Kavita Shah ebbe occasione di ascoltare dal vivo Cesaria Evora a vent’anni: si trovava a Salvador de Bahia, e Cesaria si esibì ad un festival locale. Cesaria non faceva niente per guadagnarsi la benevolenza della platea intrattenendo il pubblico o cercando di rendersi amabile: semplicemente cantava le sue canzoni. Kavita Shah rimase folgorata dalla radicalità con cui Cesaria non faceva altro che proporsi per quello che era, e, da donna di colore di fronte ad una donna nera, si identificò profondamente nella cantante capoverdiana.
Due anni prima il padre di Kavita era morto improvvisamente, poi, in rapida sequenza, le erano mancati i quattro nonni: da newyorkese figlia di immigrati dall’India, questi lutti avevano rappresentato per lei anche una gravissima perdita di rapporto con la sua storia familiare, e con la sua provenienza. Anche per questo Kavita aveva sentito così tanto l’immedesimazione nella sodade, quello stato d’animo di malinconia e nostalgia di cui la musica capoverdiana, e in particolare la morna portata alla ribalta internazionale da Cesaria Evora, sono colme. Sodade che nell’universo capoverdiano è diventata un tratto emotivo e psicologico fondante, nutrendosi di un’esperienza collettiva, di massa, di separazioni e lontananze, dai propri cari, dalla propria terra, a causa dell’emigrazione o del lavoro – tanto comune fra i capoverdiani – come marinai: i capoverdiani delle comunità della diaspora in giro per il mondo – da Boston a Rotterdam, da Lisbona a Dakar – sono più di quelli che vivono nel loro arcipelago.
Negli anni successivi, grazie anche a borse di studio e finanziamenti di prestigiose scuole e istituzioni, Kavita Shah ha incrementato il suo bagaglio di frequentazione diretta di musiche tradizionali, in America Latina, Africa, Turchia e India, e ha approfondito la sua preparazione nell’ambito della vocalità jazzistica, ma non ha dimenticato la morna e la coladera, e nel 2016 ha comprato un volo per il Capo Verde, poi ci è tornata due anni dopo. Il suo album Cape Verdean Blues, pubblicato dall’etichetta Folkalist Records, è stato realizzato fra il 2018 e il 2019 fra Mindelo – la città di Cesaria – Lisbona e New York, con Bau, eccellente chitarrista e importante collaboratore di Cesaria Evora, con in diversi brani Miroca Paris alle percussioni e inoltre in un brano la partecipazione della cantante capoverdiana Fantcha.

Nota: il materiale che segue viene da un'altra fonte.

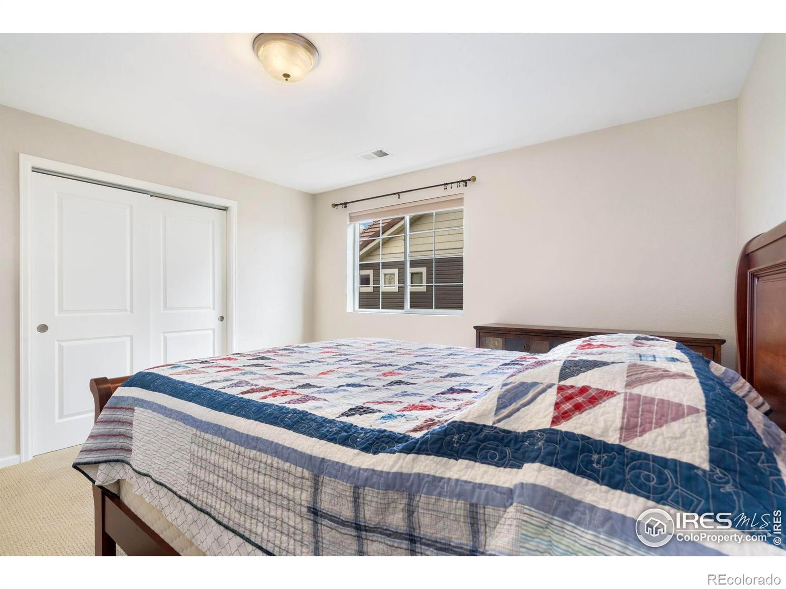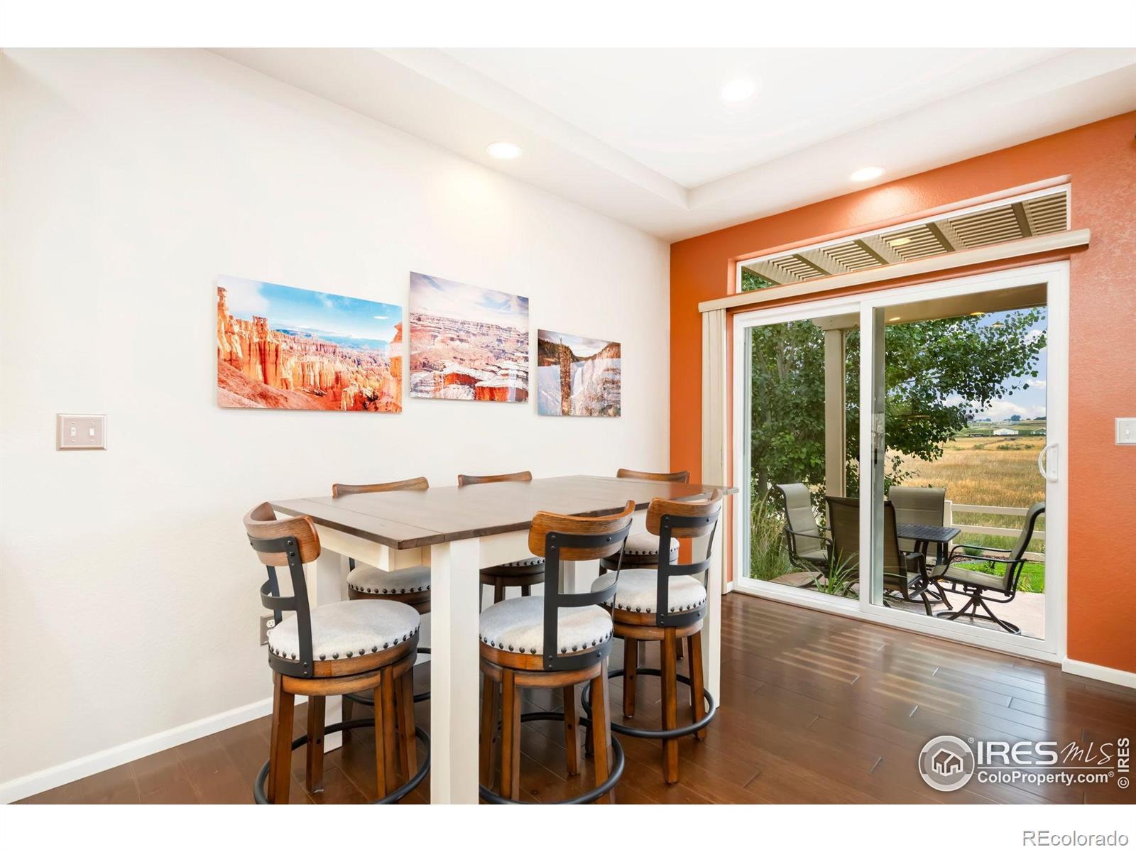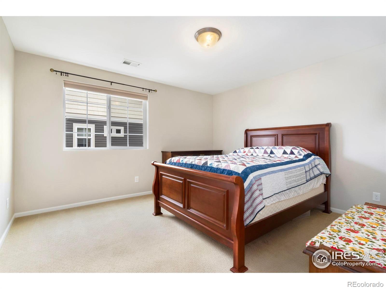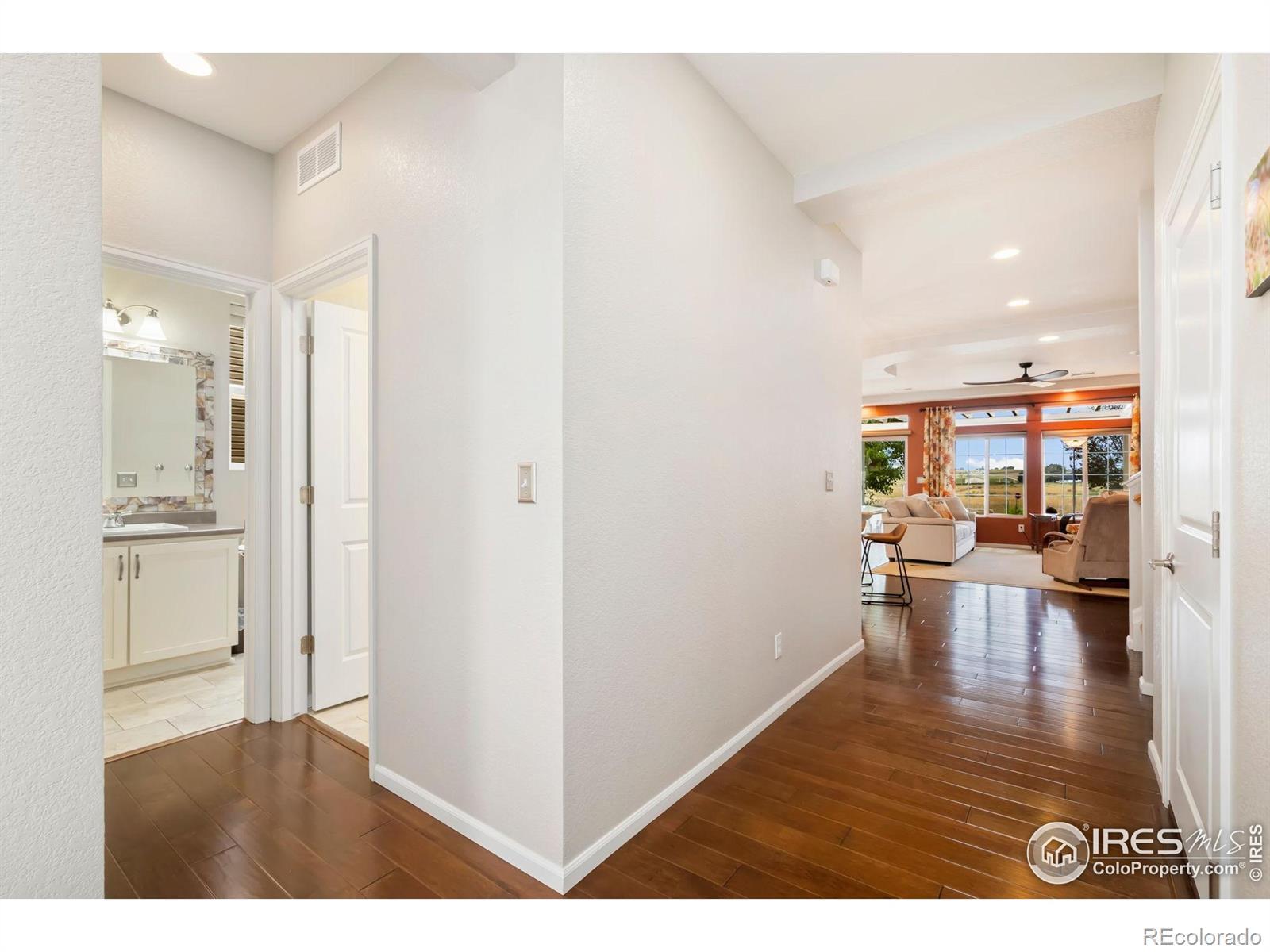 Breathtaking mountain views, main-floor living, and the best of Thompson River Ranch! Welcome to this beautifully designed 1.5-story home offering the perfect blend of comfort, style, and Colorado living. Positioned on a quiet street with a south-facing backyard that backs to open farmland, this home captures unobstructed Rocky Mountain views you'll never get tired of. Step inside to an open-concept floor plan filled with natural light and thoughtful design. The main floor primary suite provides easy living, featuring patio access to a custom-stamped concrete retreat with pergola and colorful landscaping - perfect for morning coffee or sunset gatherings. The gourmet kitchen includes granite countertops, a large island, gas range, and stainless-steel appliances, flowing seamlessly into the dining and living areas with engineered hardwood floors and a cozy gas fireplace. A split-bedroom layout adds privacy, with a secondary bedroom and bath on the main level, and a spacious upper-level rec room and third bedroom - ideal for guests, a home office, or hobby space. Enjoy resort-style neighborhood amenities: two swimming pools, disc golf course, clubhouse with fitness center, trails, and easy access to I-25, shopping, and top-rated schools. Additional features include a tile roof, stucco and vinyl exterior, and an attached two-car garage. This home is ready for new memories - and the view alone makes it a must-see!
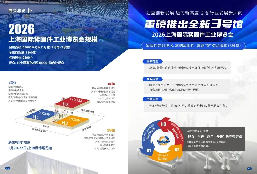 作为紧固件行业的年度盛会,2026上海国际紧固件工业博览会(5.20-22)不仅为全球紧固件企业提供了展示实力、对接商机的舞台,更凝聚了行业共识,推动产业资源整合与技术迭代。此次展会的成功举办,进一步巩固了中国在全球紧固件产业中的核心地位,助力行业突破发展瓶颈、培育新的增长动能,为全球紧固件产业高质量发展注入持久活力。展会期间,各参展企业、采购商与行业专家齐聚一堂,共话产业未来,共绘紧固件行业创新发展新蓝图。

Kavita Shah, che è in confidenza con parecchie lingue, si destreggia disinvoltamente con il creolo capoverdiano: il repertorio, aperto da Angola, che ricordiamo interpretata da Cesaria, comprende brani di alcuni dei migliori autori capoverdiani – Boy Gê Mendes, Teofilo Chantre, Morgadinho, Vasco Martins – alcuni scritti appositamente per l’album, e naturalmente non può mancare Sodade, portata al successo internazionale da Cesaria.
L’album prende il titolo dal brano degli anni sessanta di uno dei grandi protagonisti del jazz moderno, Horace Silver, omaggio del pianista alle proprie origini capoverdiane per parte di padre (all’anagrafe Silver di cognome faceva Tavares Silva). Ma in questa identificazione con l’identità capoverdiana che sente così vicina a lei, Kavita Shah non dimentica le proprie, di origini, che ricorda con Chaki Ben, una canzone folk nella sua lingua madre, il gujarati, che da bambina cantava con i suoi genitori.